Quelle sensation incomparable de se balancer sur une grande balançoire, tout en ayant le lac Majeur, le plateau de Magadino et Bellinzone à ses pieds! Cette expérience aérienne spectaculaire est proposée au sommet du Mattro, une montagne en apparence anodine qui surplombe le tunnel de base du Ceneri. Cette montée d’adrénaline exige, outre l’absence de vertige, un pied sûr. La randonnée commence dans le joli village d’Isone. Elle mène à l’alpe Pedrinasco en traversant des forêts de hêtres et de châtaigniers avec une pente modérée. Environ un quart d’heure après l’alpe, une pierre balisée indique le chemin vers le Mattro. On abandonne alors le chemin de randonnée balisé. Attention, il faut ignorer le panneau de bifurcation blanc avec une balançoire près de l’alpe Pedrinasco, car ce chemin ne mène pas à la destination voulue. Une fois sur le Mattro, il faut commencer à descendre vers Sant’Antonino. La vue plongeante sur l’enchevêtrement de routes et de voies ferrées est impressionnante. Derrière Bellinzone, les trains disparaissent dans le tunnel de base du Ceneri tandis que les voitures se suivent sur l’autoroute du col. Après Cima di Dentro, la forêt redevient une fidèle compagne. Le deuxième plaisir de la journée se dévoile au point 576 / Monti dei Bassi. Un détour par la route forestière en direction de Pianaccio mène à l’Arboreto di Copera. La surface forestière expérimentale de Copera, non accessible au public, a été plantée dans les années 1950 avec 71 espèces d’arbres, dont 49 exotiques. Son but était de déterminer quelles espèces pourraient être une alternative au châtaignier, alors atteint du chancre de l’écorce du châtaignier. La maladie fut toutefois moins agressive que prévu et les châtaigniers tessinois survécurent. Un sentier didactique permet de découvrir les arbres issus du projet-pilote. De retour sur le chemin de randonnée, la descente raide se poursuit à travers la forêt. Lorsque le bruit de l’autoroute prend le dessus, la destination n’est plus très loin.

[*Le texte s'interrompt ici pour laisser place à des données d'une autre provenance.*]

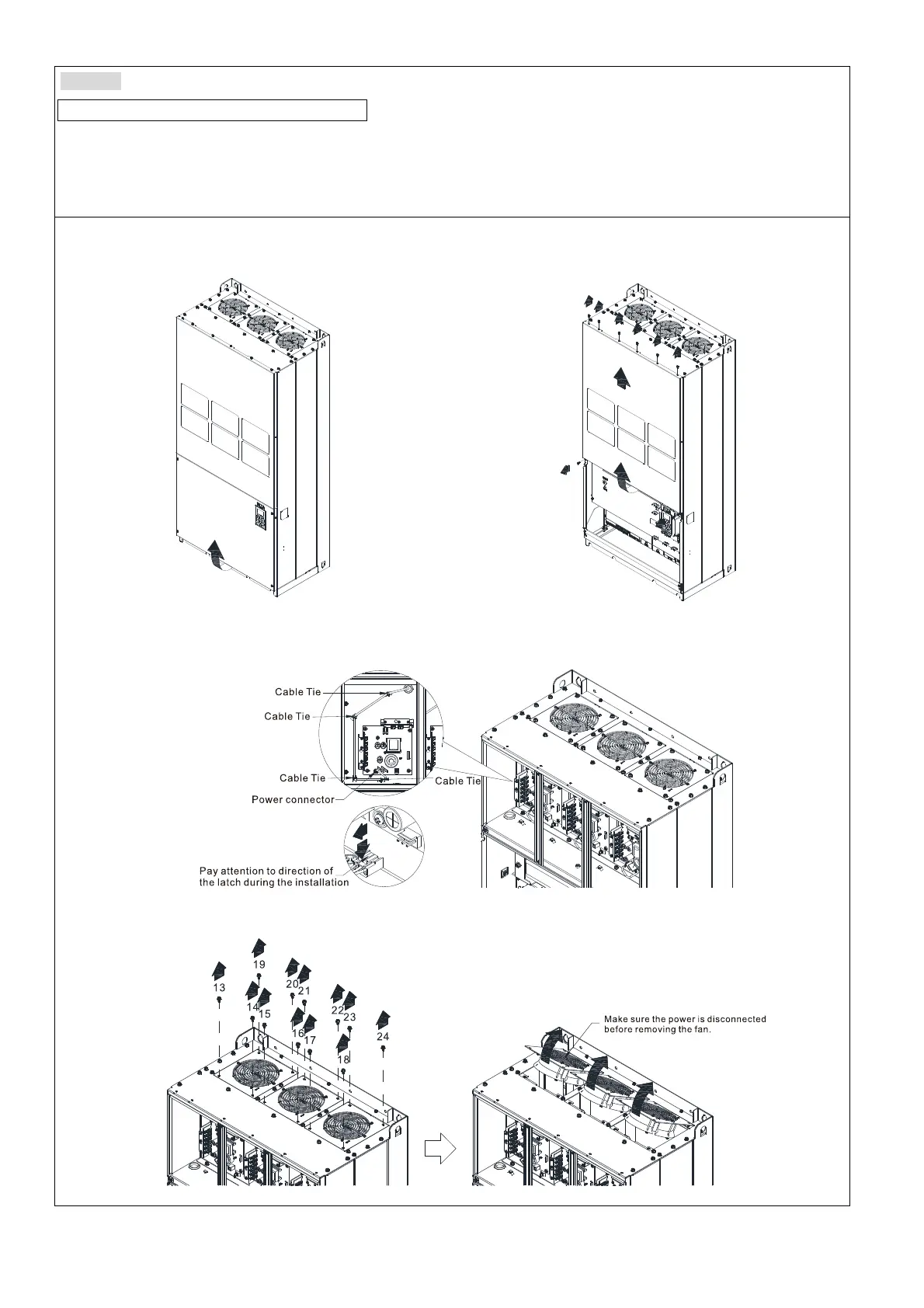 3. Press the latch to disconnect fan power, and cut the cable tie

Deux jours entre le Pischahorn et la Basse-Engadine N° 2337
Davos Laret — Lavin • GR

Deux jours entre le Pischahorn et la Basse-Engadine

Le Pischahorn s’élève plus de 1300 mètres au-dessus du tunnel de la Vereina, à mi-chemin environ entre le Weissfluhjoch et le Piz Buin. Il ne franchit juste pas la barre des 3000 mètres, mais sa position dégagée offre une vue superbe sur les sommets autour de Davos et la Basse-Engadine. Par temps clair, on voit même l’Ortles (3905 m) et le Piz Bernina (4048 m) au sud-est et au sud. L’ascension depuis Davos Laret par le Mönchalptal, sur environ 1600 mètres de dénivelé, est exigeante. Mieux vaut partir tôt. La montée est constante mais presque toujours en pente douce. Le lac Pischasee, en forme de cœur et aux eaux turquoise, est à quelques centaines de mètres à droite du chemin, à 2500 mètres d’altitude environ. La montée est entièrement balisée en blanc-rouge-blanc. Sur la crête sommitale, un court tronçon passe sur un sentier taillé dans une paroi rocheuse escarpée, mais il est parfaitement sécurisé par une corde. Depuis le glacier du Hafentälli, sur les versants nord du Pischahorn, il n’y a hélas plus rien à voir. La descente vers Säss et Vereina passe sans difficulté par des éboulis puis par des dalles rocheuses et des alpages. Bâtie sur un petit éperon à la jonction des vallées de la Vereina, de Vernela et de Süs, l’auberge de montagne Vereina jouit d’une superbe situation. Le deuxième jour, il ne reste qu’une ascension de 650 mètres vers le col de la Vereina. Le paysage rocheux et aride du col est très impressionnant. L’imposante pyramide du Piz Linard, le plus haut sommet de la Basse-Engadine qui culmine à 3410 mètres, se reflète dans deux lacs aux eaux cristallines. La descente par le Val Sagliains traverse, dans sa partie supérieure, des alpages parsemés de rochers; plus bas, le chemin est assez cahoteux et accidenté et empêche de progresser aisément. Au-delà de la gare de chargement de Saglians (non accessible aux randonneuses et randonneurs), on rejoint enfin la gare de Lavin.